_What the task requires_.
In the material below, find the span from the line with "Владыке сослужили клирики" to the line with "Feltsman legt nach" and transcribe only those lines, exactly, ends included, without the pictures.
** Opening Extracted information block **
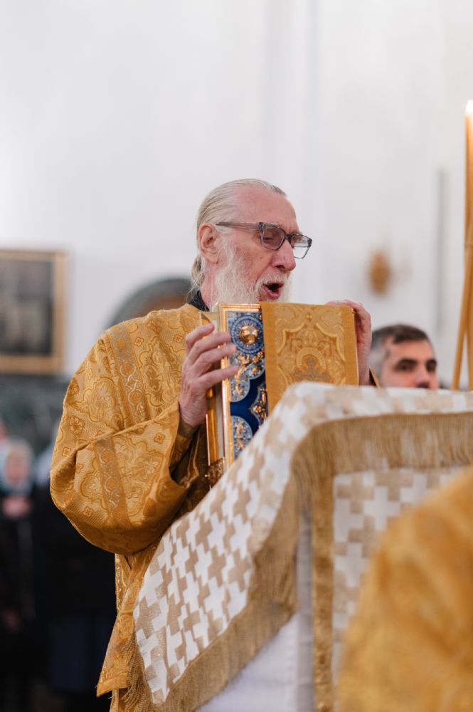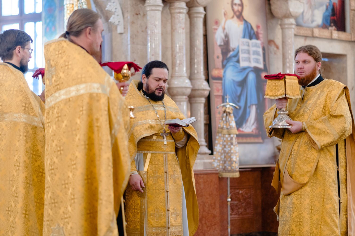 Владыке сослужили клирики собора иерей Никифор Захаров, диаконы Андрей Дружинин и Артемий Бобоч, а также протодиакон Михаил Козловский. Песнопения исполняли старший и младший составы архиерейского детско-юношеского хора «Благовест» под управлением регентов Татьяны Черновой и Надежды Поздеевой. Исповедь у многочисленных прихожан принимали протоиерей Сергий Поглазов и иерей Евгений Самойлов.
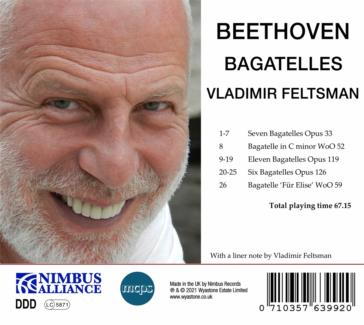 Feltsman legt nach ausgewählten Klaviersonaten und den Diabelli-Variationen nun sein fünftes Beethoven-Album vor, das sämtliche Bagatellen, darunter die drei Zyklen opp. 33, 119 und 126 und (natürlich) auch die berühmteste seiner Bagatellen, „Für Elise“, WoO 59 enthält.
** Closing Extracted information block **
** Opening Extracted information block **
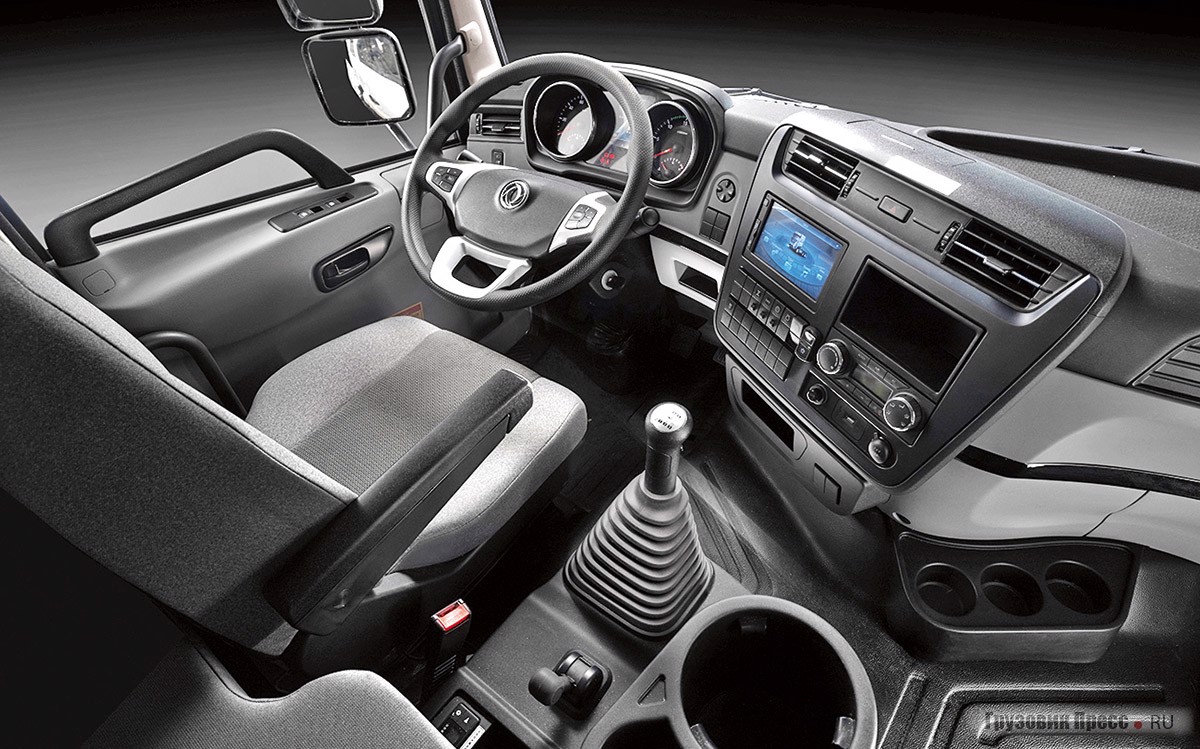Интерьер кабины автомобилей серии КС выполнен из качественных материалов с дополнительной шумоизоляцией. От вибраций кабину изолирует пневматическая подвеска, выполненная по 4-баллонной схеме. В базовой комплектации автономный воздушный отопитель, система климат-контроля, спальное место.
** Closing Extracted information block **
_Answer for this exercise_.
 Владыке сослужили клирики собора иерей Никифор Захаров, диаконы Андрей Дружинин и Артемий Бобоч, а также протодиакон Михаил Козловский. Песнопения исполняли старший и младший составы архиерейского детско-юношеского хора «Благовест» под управлением регентов Татьяны Черновой и Надежды Поздеевой. Исповедь у многочисленных прихожан принимали протоиерей Сергий Поглазов и иерей Евгений Самойлов.
 Feltsman legt nach ausgewählten Klaviersonaten und den Diabelli-Variationen nun sein fünftes Beethoven-Album vor, das sämtliche Bagatellen, darunter die drei Zyklen opp. 33, 119 und 126 und (natürlich) auch die berühmteste seiner Bagatellen, „Für Elise“, WoO 59 enthält.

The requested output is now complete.